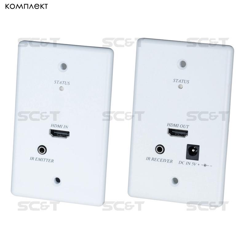 Комплект (передатчик +приемник) передачи HDMI 1.3 с обратным ИК-повторителем. Выполнен в виде настенных врезных розеток. Передает сигналы по двум кабелям витой пары CAT5/5e/6 на расстояние до 100 м. при разрешении 480i / 576i / 480p / 576p, до 70м при разрешении 1080i, до 40м при разрешении 1080p. Размеры каждого устройства (ШxВxГ): 70.3x115x33мм.
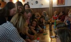 A kvíz első része után ismét egy kis tánc következett, amikor a magyarbődi lassú csárdás figuráival ismerkedtek meg a jelenlévők. A tánc utáni pihenőben egy kis ország-város játék után kihirdettük az eredményt. Még soha nem találkoztunk a déli magyar közösség tagjaival, akik most megtiszteltek minket jelenlétükkel. Kitűnően beszéltek magyarul, lelkesen vettek részt a programokban, és meglepően jól ismerték Magyarországot. Mindig nagyon jó érzés általunk még nem ismert helyi magyarokkal találkozni, beszélgetni velük. A csapatversenyt is ők nyerték meg, nagyon örültek a bónusz dobostortának. A tánctanítást moldvai táncokkal zártuk, miután az idősebb korosztály tagjai elindultak haza.
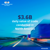 “An integrated North American economy creates opportunity on both sides of the border. For every 10 jobs an American multinational creates in Mexico, it creates 25 in the United States,” said Nikia Clarke, Ph.D., executive director, World Trade Center San Diego. “As we look at a global economy where 95 percent of the world consumers live outside of North America, the ways we partner with Canada and Mexico to produce goods, services, and technology is crucial to our economic future.”

> **Task directions**
All of the data above is to be repeated exactly, with the pictures left out.

> **Task output**
 Комплект (передатчик +приемник) передачи HDMI 1.3 с обратным ИК-повторителем. Выполнен в виде настенных врезных розеток. Передает сигналы по двум кабелям витой пары CAT5/5e/6 на расстояние до 100 м. при разрешении 480i / 576i / 480p / 576p, до 70м при разрешении 1080i, до 40м при разрешении 1080p. Размеры каждого устройства (ШxВxГ): 70.3x115x33мм.
 A kvíz első része után ismét egy kis tánc következett, amikor a magyarbődi lassú csárdás figuráival ismerkedtek meg a jelenlévők. A tánc utáni pihenőben egy kis ország-város játék után kihirdettük az eredményt. Még soha nem találkoztunk a déli magyar közösség tagjaival, akik most megtiszteltek minket jelenlétükkel. Kitűnően beszéltek magyarul, lelkesen vettek részt a programokban, és meglepően jól ismerték Magyarországot. Mindig nagyon jó érzés általunk még nem ismert helyi magyarokkal találkozni, beszélgetni velük. A csapatversenyt is ők nyerték meg, nagyon örültek a bónusz dobostortának. A tánctanítást moldvai táncokkal zártuk, miután az idősebb korosztály tagjai elindultak haza.
 “An integrated North American economy creates opportunity on both sides of the border. For every 10 jobs an American multinational creates in Mexico, it creates 25 in the United States,” said Nikia Clarke, Ph.D., executive director, World Trade Center San Diego. “As we look at a global economy where 95 percent of the world consumers live outside of North America, the ways we partner with Canada and Mexico to produce goods, services, and technology is crucial to our economic future.”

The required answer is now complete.